Ally Mauchlen

Personal information
- Full name: Alistair Henry Mauchlen
- Date of birth: 29 June 1960 (age 66)
- Place of birth: Kilwinning, Scotland
- Height: 5 ft 7 in (1.70 m)
- Position: Midfielder

Youth career
- Irvine Meadow

Senior career*
- Years: Team / Apps / (Gls)
- 1978–1982: Kilmarnock / 123 / (10)
- 1982–1985: Motherwell / 76 / (4)
- 1985–1992: Leicester City / 239 / (11)
- 1992: → Leeds United (loan) / 0 / (0)
- 1992–1994: Heart of Midlothian / 18 / (0)
- 1993–1994: → Glenavon (loan) / 15 / (0)
- 1994–1995: Glenavon / 13 / (0)
- 1995–1996: Ballymena United / 15 / (0)
- 1996: Leicester United
- 1996–????: Corby Town
- VS Rugby
- Hinckley Town

Managerial career
- Oadby Town

= Ally Mauchlen =

Scottish footballer and manager

Alistair Henry Mauchlen (born 29 June 1960) is a Scottish former footballer who later went into coaching.
Brother of Callum Mauchlen.

==Playing career==

===Early years in Scotland===
Born in Kilwinning, after beginning his career with junior club Irvine Meadow, Mauchlen entered league football in August 1978 when he signed for Kilmarnock of the Scottish Football League First Division. The following season Mauchlen was a regular in a Kilmarnock side that stayed up despite being part-time and was one of the stars of a 2–0 win over Celtic in November 1979.

In October 1982 Mauchlen transferred to Motherwell where he soon gained a strong following amongst the supporters for his organisational skill and his aggression.

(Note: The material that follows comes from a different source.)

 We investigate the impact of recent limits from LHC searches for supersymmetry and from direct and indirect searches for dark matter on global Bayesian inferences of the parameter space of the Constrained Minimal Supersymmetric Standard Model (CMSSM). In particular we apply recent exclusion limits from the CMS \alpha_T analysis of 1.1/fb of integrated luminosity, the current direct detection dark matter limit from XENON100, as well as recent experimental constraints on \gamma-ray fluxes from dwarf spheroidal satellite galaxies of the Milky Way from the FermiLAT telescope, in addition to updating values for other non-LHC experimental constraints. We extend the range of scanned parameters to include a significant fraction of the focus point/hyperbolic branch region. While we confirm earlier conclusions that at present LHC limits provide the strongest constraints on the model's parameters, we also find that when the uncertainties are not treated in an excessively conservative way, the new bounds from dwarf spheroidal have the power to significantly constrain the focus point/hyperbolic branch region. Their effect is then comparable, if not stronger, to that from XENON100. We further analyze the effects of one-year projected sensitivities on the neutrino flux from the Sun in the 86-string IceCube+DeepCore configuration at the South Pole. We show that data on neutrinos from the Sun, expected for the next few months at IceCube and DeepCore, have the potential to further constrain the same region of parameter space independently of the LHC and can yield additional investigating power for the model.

He was appointed club captain in 1984 and helped his side to the First Division title that season. Motherwell were however suffering from financial difficulties at that time and, with Mauchlen one of their most saleable assets, it was only a matter of time before he left.

===In England===
Mauchlen moved to Leicester City in August 1985 as part of deal that also saw teammate Gary McAllister make the switch to Filbert Street. The deal amounted to a combined fee of £350,000. Mauchlen turned out in 239 Football League matches for the club. Mauchlen joined Leeds United on loan on 12 March 1992 but left the club at the end of that month without making a first team appearance.

===Later career===
Mauchlen returned to Scotland with Heart of Midlothian in 1992, making 18 league appearances. Unable to command a regular first team place, Mauchlen was loaned to Irish Football League side Glenavon in November 1993, making the move permanent the following season. He switched to Ballymena United in August 1995.

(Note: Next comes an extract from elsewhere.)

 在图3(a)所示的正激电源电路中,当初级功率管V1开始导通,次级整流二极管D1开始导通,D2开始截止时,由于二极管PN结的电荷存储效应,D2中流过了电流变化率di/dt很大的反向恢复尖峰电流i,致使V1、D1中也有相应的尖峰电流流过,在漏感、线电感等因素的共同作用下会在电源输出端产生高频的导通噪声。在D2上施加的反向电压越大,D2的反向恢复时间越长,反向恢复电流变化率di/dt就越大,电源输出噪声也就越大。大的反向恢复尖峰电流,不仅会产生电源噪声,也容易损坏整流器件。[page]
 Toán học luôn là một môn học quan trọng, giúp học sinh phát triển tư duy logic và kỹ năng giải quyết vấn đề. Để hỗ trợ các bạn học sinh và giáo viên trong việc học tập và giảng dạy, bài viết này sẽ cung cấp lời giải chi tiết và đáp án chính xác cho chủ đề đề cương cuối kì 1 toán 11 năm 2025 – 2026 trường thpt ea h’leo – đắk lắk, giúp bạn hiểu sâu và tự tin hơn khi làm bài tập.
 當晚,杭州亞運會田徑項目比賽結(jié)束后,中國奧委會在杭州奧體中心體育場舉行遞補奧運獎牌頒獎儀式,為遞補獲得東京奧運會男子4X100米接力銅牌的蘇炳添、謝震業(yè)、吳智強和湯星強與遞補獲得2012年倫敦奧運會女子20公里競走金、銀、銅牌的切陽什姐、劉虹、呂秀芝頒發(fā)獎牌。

Mauchlen returned to England with non-league club Leicester United in summer 1996. In August Mauchlen scored the winning goal in their 3–2 Southern Football League Midland Division win over Grantham. The following day however it was announced in a shock move that Leicester United had been liquidated. A free agent, Mauchlen promptly signed for Corby Town. He subsequently turned out for VS Rugby and Hinckley Town.

==Coaching career==
During the late 1990s Mauchlen managed Oadby Town. In 1997, whilst in charge at Oadby, he was offered the chance to return to Glenavon as manager but he rejected the opportunity after feeling that the contract he was offered was not satisfactory. He returned to Oadby Town around 2004 as a coach under manager Lee Adam.

As of 2011 Mauchlen is living back in Leicester where he works for British Gas. His son Iain was for a time on the books at Cowdenbeath.